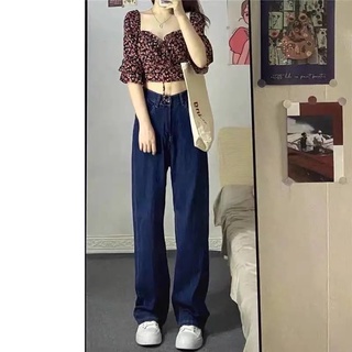 Quần Jean Ống Suông Nữ Màu Xanh Than, Quần Bò Ống Đứng Dài Cạp Cao Phong Cách Ulzzang Hàn Quốc Loại 1 Chất Co Dãn
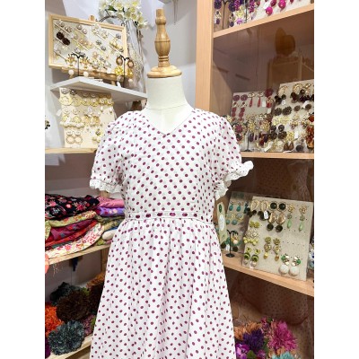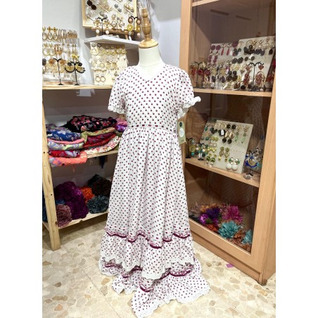 BATA QUEJIO NIÑA BLANCA LUNAR ROSA
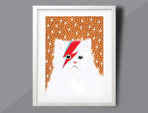 Bowie Cat Terracotta Print Rust Orange Art Print For Teenage Girl Bedroom Decor Hipster Animal Picture Gift For Him Ziggy Stardust Kitten
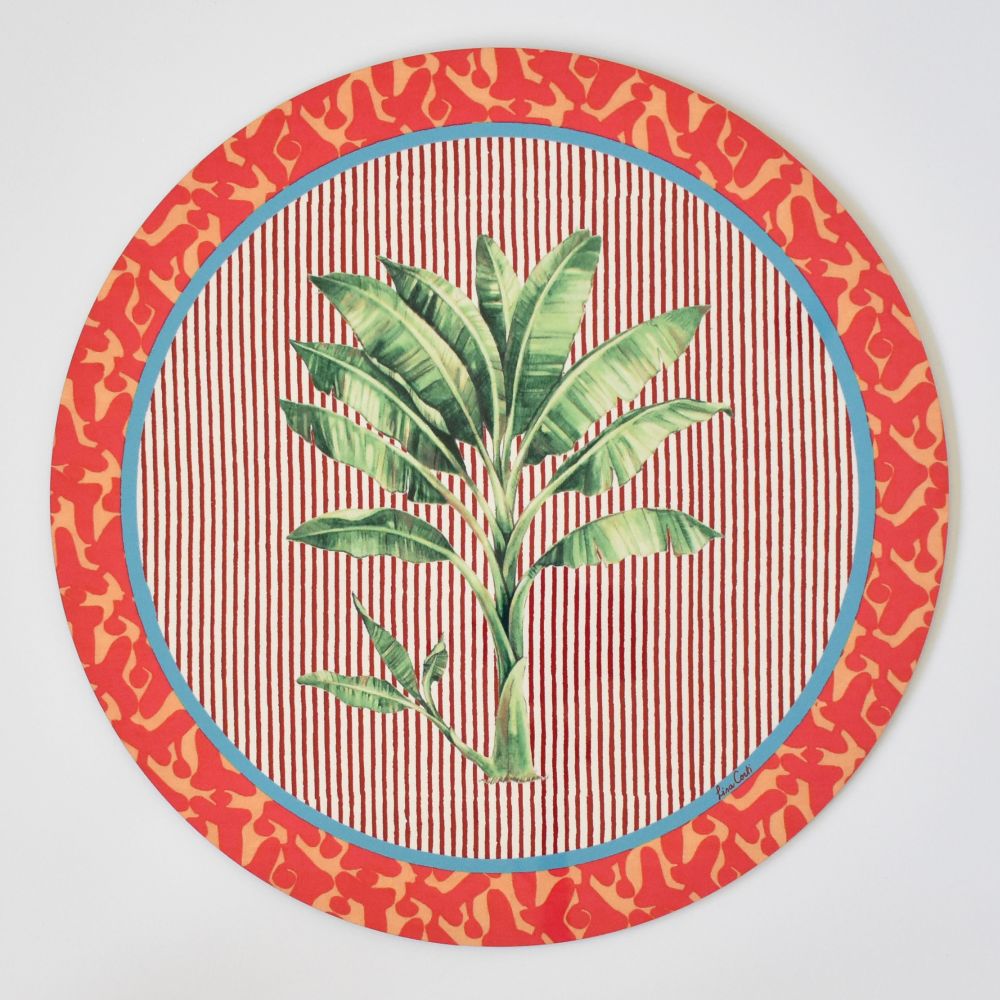 Tovaglietta rotonda Lisa Corti Banano Pink con retro...
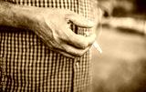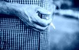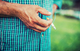 Man hand holding a cigarette, close up photo
□ □ □ □ □ □ □
Exercise description: Please set down every record above exactly as it appears, leaving out the pictures.

Output:
 Quần Jean Ống Suông Nữ Màu Xanh Than, Quần Bò Ống Đứng Dài Cạp Cao Phong Cách Ulzzang Hàn Quốc Loại 1 Chất Co Dãn
 BATA QUEJIO NIÑA BLANCA LUNAR ROSA
 Bowie Cat Terracotta Print Rust Orange Art Print For Teenage Girl Bedroom Decor Hipster Animal Picture Gift For Him Ziggy Stardust Kitten
 Tovaglietta rotonda Lisa Corti Banano Pink con retro...
 Man hand holding a cigarette, close up photo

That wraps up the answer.